# Killies Import > Planted Tanks >  Holland Ram

## FC

I had been thinking what fishes to keep in large numbers in my tank for some time. Finally, I bought a school of babby Holland Ram from Far East Aquatic on Thursday, 21 Jul 05. Immediately after I placed them in the tank, I knew I made the right decision. The baby rams are gorgeous, I am happy like a goose :P . See pics for some of them.


The body colours are not fully up yet but just started. They were born in the shop's bare tank.

----------


## stormhawk

Freddy, Ram not Rum.  :Laughing:  

Good purchase, the Holland strain is a very beautiful strain. I like Rams too but not those balloon versions.  :Cool:

----------


## Piscesgirl

Nice fish. Hehe I was wondering when I read the title just what the thread would be about. Had the tank drove you to drink some new rum from Holland?  :Laughing:   :Laughing:   :Laughing:

----------


## hobbit6003

Those are nice rams Freddy! But Ron says that he prefers his Rum in a bottle, not a tank!

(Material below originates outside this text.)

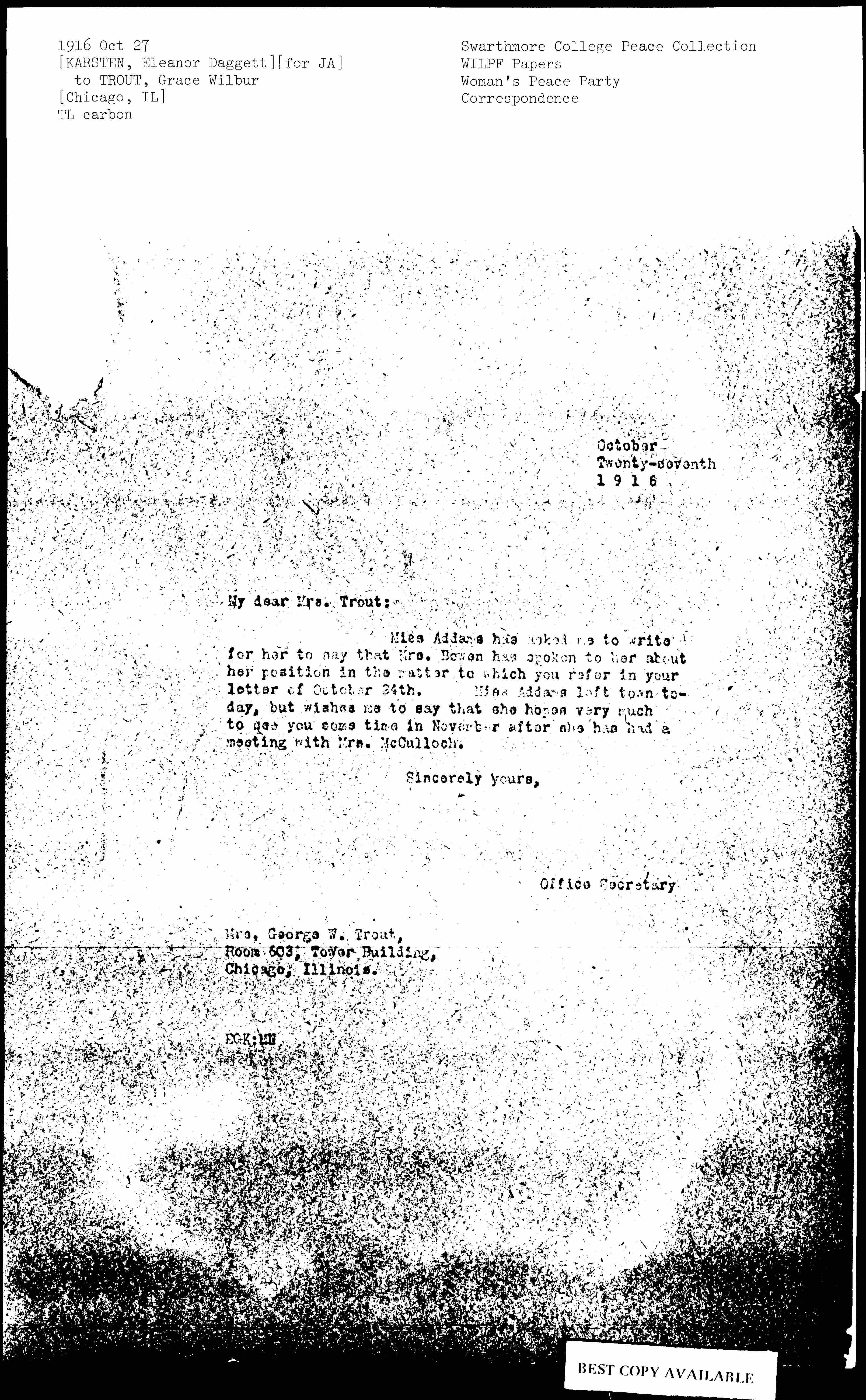 Miss Addams has asked us to write for her to say that Mrs. Bowen has spoken to her about her position in the matter to which you refer in your letter of October 24th. Miss Addams left town today, but wishes me to say that she hopes very much to see you some time in November after she has had a meeting with Mrs. McCulloch.
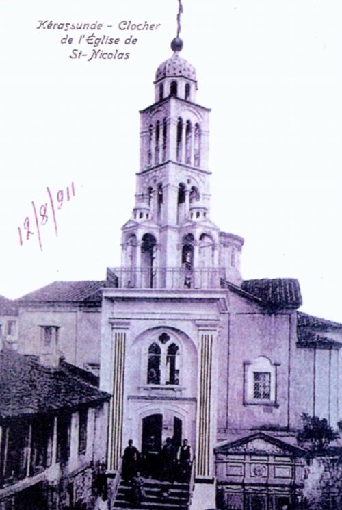 Το καμπαναριό του Ι.Ν. Αγίου Νικολάου στην Κερασούντα του Πόντου (12 Αυγούστου 1911)

After reading the title, I thought there's some interesting fertiliser you got brewing in your tank! :P 

Kenny

----------


## FC

You guys are sharp. I was thinking whether it was rum or ram but did not bother to check it up. No wonder those rams ignored me when I called them  :Laughing:  .
I had corrected them all, thanks.

----------


## stormhawk

:Laughing:  Well at least they didn't get all tipsy.

----------


## RonWill

Freddy, I thought you might want to know how the ram got it's 'rum'  :Laughing:   :Laughing:  
*Microgeophagus ramirezi* (Blue Rams)

----------


## FC

Really?! Don't tell me mine (Rams) are your relatives  :Shocked:  .

By the way, the Micro-geo-pha-gus Ra-mi-re-zi sounds like a great Ra-mi. *getting hungry*
(Kidding, appreciate the right name but I got to do spelling test or write it on my tank. I am just bad, lazy to be exact, in Latin names)

----------


## TyroneGenade

Aren't they now "_Mikrogeophagus_"? Apparently, the name is Greek-based and in Greek the "c" should be a "k"... I grow so weary from taxonomic tennis...

----------